Work order: Only the lines from the beginning of the data through the line holding "英国能源监管机构,主要根据批" belong in the answer, printed exactly and without pictures.

Collected data:
+++++

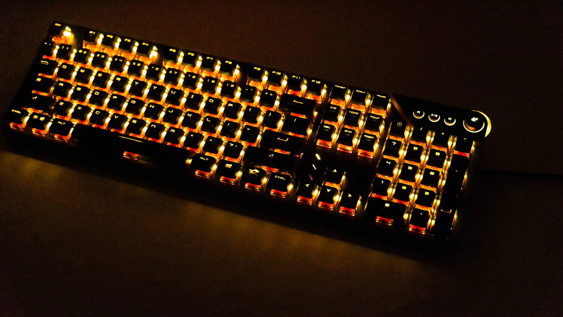 С эстетической точки зрения Vigor GK71 Sonic выглядит привлекательно, красочно и ориентирован на игры. Кроме того, он отличается превосходным качеством сборки благодаря верхней алюминиевой раме. Выделенные мультимедийные клавиши - приятная дополнительная функция, обеспечивающая быстрый доступ и управление. Однако регулятор громкости с кнопкой выключения шатается и немного поскрипывает при повороте. Он не такой плавный, как у других механических клавиатур с регуляторами громкости.
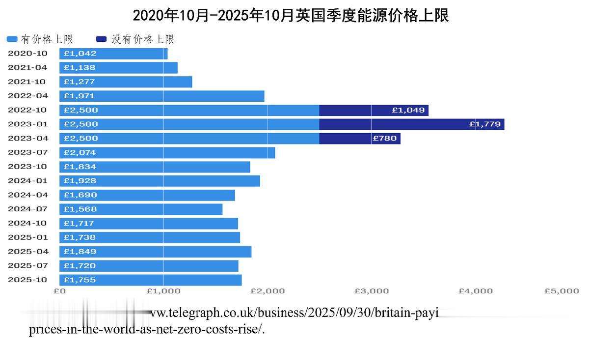 英国能源监管机构,主要根据批发市场的能源成本每三个月更改一次价格的上限,将于2025年11月25日公布2026年第一季度的价格上限,预计2026年春季英国的电价还将上涨100英镑。
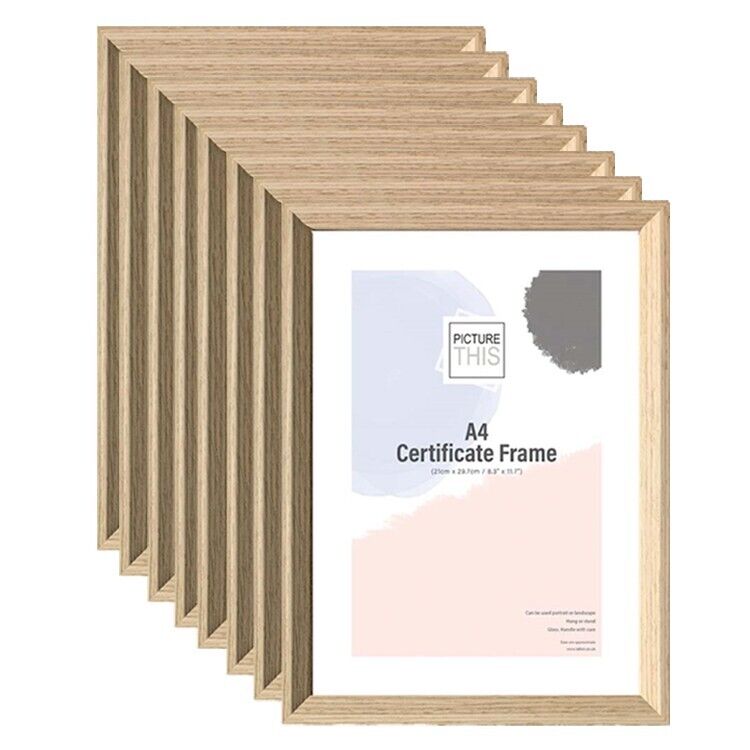 8 x A4 Certificate Photo Frames Glass Front Wooden Wall Hang Or Tabletop Decor

+++++

Solution for this problem:
 С эстетической точки зрения Vigor GK71 Sonic выглядит привлекательно, красочно и ориентирован на игры. Кроме того, он отличается превосходным качеством сборки благодаря верхней алюминиевой раме. Выделенные мультимедийные клавиши - приятная дополнительная функция, обеспечивающая быстрый доступ и управление. Однако регулятор громкости с кнопкой выключения шатается и немного поскрипывает при повороте. Он не такой плавный, как у других механических клавиатур с регуляторами громкости.
 英国能源监管机构,主要根据批发市场的能源成本每三个月更改一次价格的上限,将于2025年11月25日公布2026年第一季度的价格上限,预计2026年春季英国的电价还将上涨100英镑。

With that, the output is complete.